One floater that will go to work in West Africa in Q4 2021 under new contracts is the drill ship Valaris DS-10. Valaris was awarded one-well contracts with Shell Namibia Upstream BV and Shell Sao Tome and Principe BV offshore Namibia and Sao Tome and Principe, respectively. The Sao Tome and Principe contract will follow on directly from the Namibia contract. The contracts have an estimated duration of 60 days each.
Big Board-listed Valaris also announced a shake-up at the top, with president and chief executive Tom Burke and executive vice president and chief financial officer Jon Baksht both stepping down effective 2 September. The board chose Anton Dibowitz, a current board member, as interim president and chief executive and Darin Gibbins, the company’s vice president – investor relations and treasurer, as the interim chief financial officer. Both appointments are effective 3 September.
High scrapping levels
While the mid-year has passed, results for the first half of the year are just coming in. In his H1 2021 review of demolition in the offshore sector, VesselsValue analyst Guy Cooper noted the difficult financial straits faced by many offshore drillers as a result of Covid-19 and the low-price oil environment, calling it “one of the toughest periods since the oil price crash of 2014/2015.” This has led to Chapter 11 bankruptcy protection filings by Diamond Offshore, Noble Drilling, Pacific Drilling, Valaris and Seadrill. In turn, many of these rig owners were forced to shed older tonnage as part of pre-packaged bankruptcy agreements. Of the five companies, only Seadrill remains in Chapter 11 bankruptcy protection. While Seadrill has its own plan to emerge from Chapter 11, competitors Transocean and Dolphin Drilling have put forth a new competing bid for the driller’s assets, according to a report by Reuters.
In his analysis, Mr Cooper notes that Seadrill was active in selling older rigs for demolition in H1 2021. It sold five rigs, all cold-stacked between seven and five years.
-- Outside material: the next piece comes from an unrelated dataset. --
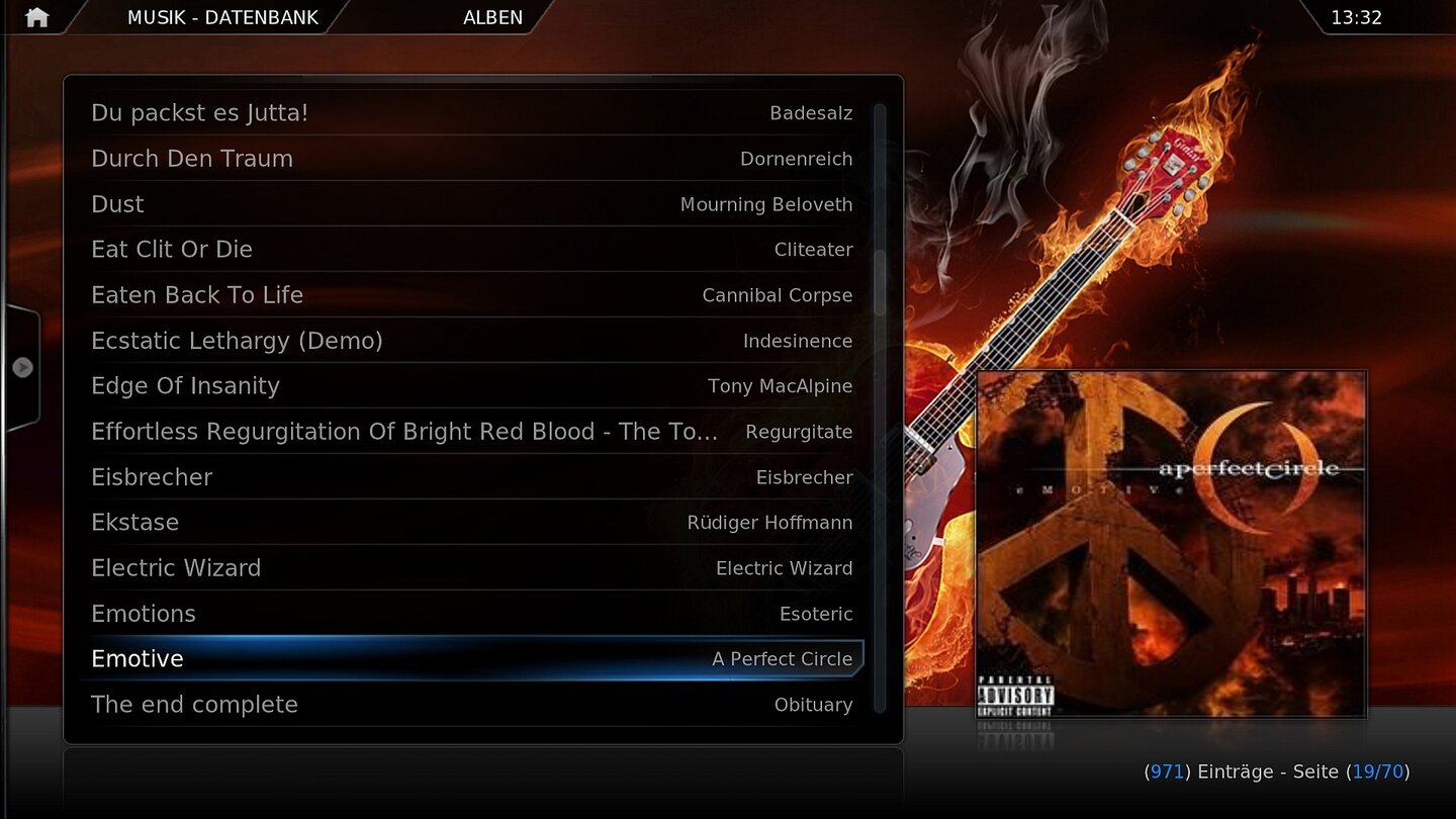Musik fügen Sie ebenso einfach hinzu wie Bilder oder Filme. Auch hier wählen Sie einen Ordner aus, alle Unterordner werden automatisch in die Suche miteinbezogen. Wie bei Filmen können Sie einen »Scraper« bestimmmen, der Informationen zu Ihrer Musiksammlung einholt. Dies können Albumcover oder Bilder der Künstler sein, aber auch Texte zu Liedern oder Ähnliches. Wie bekannte Musikplayern, darunter Winamp, unterstützt XBMC verschiedene Visualisierungen, die wahlweise im Fenster oder im Vollbild laufen. Wenn Sie sich bei Feiern nicht ständig um die Musikauswahl kümmern möchten, bietet sich der »Party-Mode« an, ein intelligenter Shuffle. Hierbei werden nur Lieder durchmischt, die ähnlich klingen. So brauchen Sie keine Sorge zu haben, dass auf Hard-Rock ein Techno-Track folgt.

These were 2011-built West Pegasus for US$7.6M, 2009-built West Eminence for US$7.6M, 1998-built West Navigator for US$11.9M, 1999-built West Venture for US$6.5M and 1986-built West Alpha for US$4.2M.
All were sold ‘as is’ to a Turkish demolition cash buyer Rota Shipping for a total price of US$38M.
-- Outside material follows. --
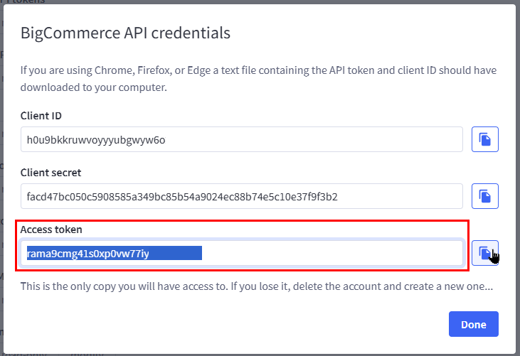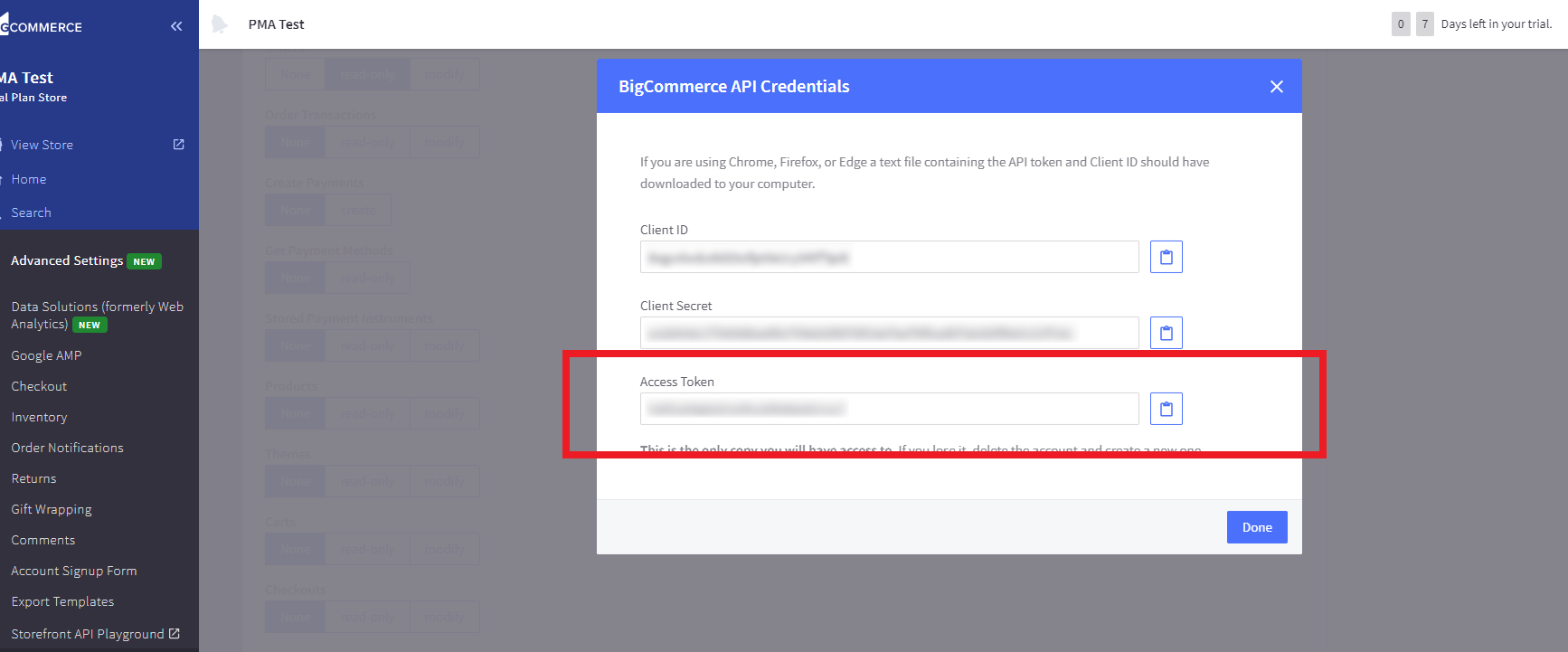 A popup will appear with your client ID, client secret, and access token. Copy and store your access token, as this will be needed when connecting your store to PMA.

Overall, rig owners sold 20 units for demolition.
Maersk shrinks fleet, too
While Maersk Drilling has not sold any of its rigs for demolition, it has been rationalising the size of its fleet. Most recently, it agreed to divest Maersk Inspirer to Havila Sirius, a subsidiary of family owned Havila Holding, for US$373M. Repsol Norge, operator of the Yme field in the NCS, signed an agreement to take over the day-to-day operations of the rig. Under the agreement, the Yme licensees will lease the rig from Havila Sirius under a bareboat charter.
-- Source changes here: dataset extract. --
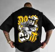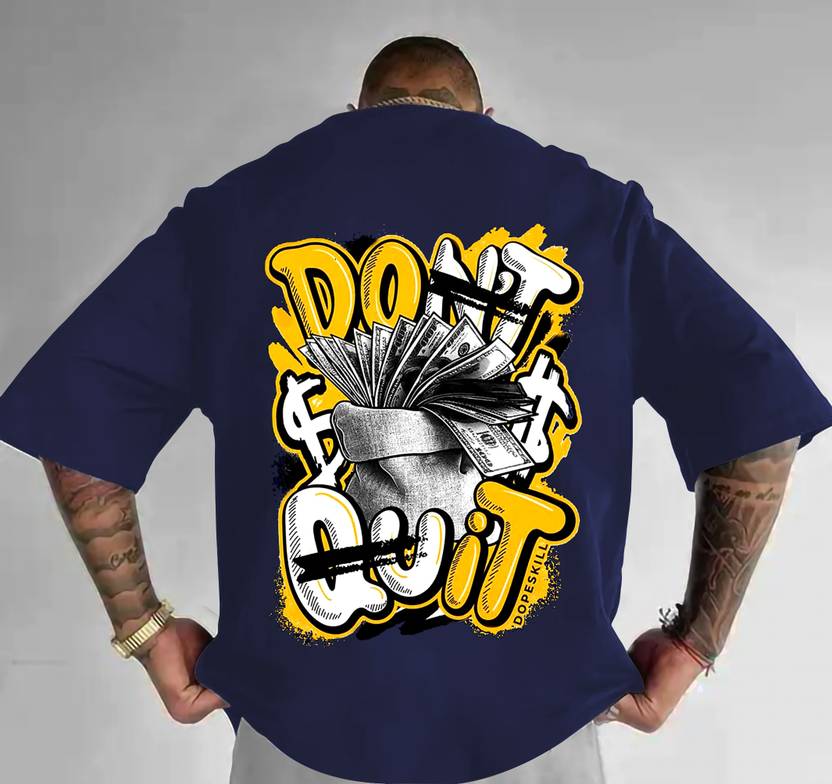 our exquisite loose-fitting blue T-shirt, a garment that transcends mere fashion to become a symbol of strength and perseverance. Elegantly emblazoned with the inspiring phrase "Don't Quit," this shirt is more than just a piece of clothing; it is a daily affirmation to push through life's obstacles with unwavering resolve. Crafted from the finest, breathable cotton, it envelops you in unparalleled comfort, making it the perfect companion for both your most challenging days and your moments of relaxation. The rich azure hue not only exudes a sense of calm and confidence but also complements a myriad of styles, ensuring that it seamlessly integrates into any wardrobe. Whether you're dressing for a casual outing with friends or gearing up for an invigorating workout session, this T-shirt stands ready to support you in every endeavor.The design of this T-shirt is a masterful fusion of simplicity and motivation, featuring bold, striking typography that commands attention while maintaining an air of understated elegance. The loose fit drapes effortlessly over the body, allowing for unrestricted movement and a relaxed silhouette that flatters all body types. This versatility makes it ideal for layering under a jacket or wearing solo as a statement piece. For those who appreciate a lifestyle that values both style and substance, this T-shirt embodies the perfect balance, encouraging you to embrace comfort without sacrificing your personal aesthetic. It serves as a reminder that fashion can be both functional and inspirational, making it a must-have addition to your collection.The versatility of this blue T-shirt allows you to pair it effortlessly with tailored joggers for a chic athleisure vibe or with your favorite denim for a laid-back weekend ensemble. Whether you're hitting the gym, running errands, or simply enjoying a leisurely day at home, this T-shirt serves as a canvas for your personal mantra, encouraging you to embrace every moment with tenacity and grace. Make a bold statement and let your attire reflect your unwavering spirit. With this T-shirt, you are not just wearing a piece of clothing; you are showcasing a mindset that champions resilience and determination, inspiring others to do the same.

Earlier in the year, Maersk completed the sale of two older rigs, Maersk Gallant and Maersk Guardian, to New Fortress Energy for US$31M for non-drilling purposes for the Fast LNG project.
Reporting improving results for Q2 2021, with increases in contracted days, higher day rates, utilisation and a 33% jump in revenue quarter-on-quarter, Maersk Drilling reported revenues of US$350M for Q2 2021, up from US$264M in Q1 2021. Its rig utilisation rate now stands at 80%, up from just 61% the previous quarter. Average day rates for its rigs rose US$10,000 per day quarter-on-quarter, reaching US$230,000.
As a result of the strong quarter, revenue for H1 2021 was US$614M, up 5% from H1 2020’s US$584M. Maersk Drilling chief executive Jorn Madsen said the first half results were “supported by a strong commercial performance in a market that is showing signs of an impending recovery.”
Maersk Drilling secured a nine-month contract for the jack-up rig Maersk Innovator to drill three subsea development wells in Block 28/9 on the UK continental shelf. The contract is expected to start in December 2021. Maersk Innovator has been warm-stacked in Grenaa, Denmark, since its last contract ended in May 2020.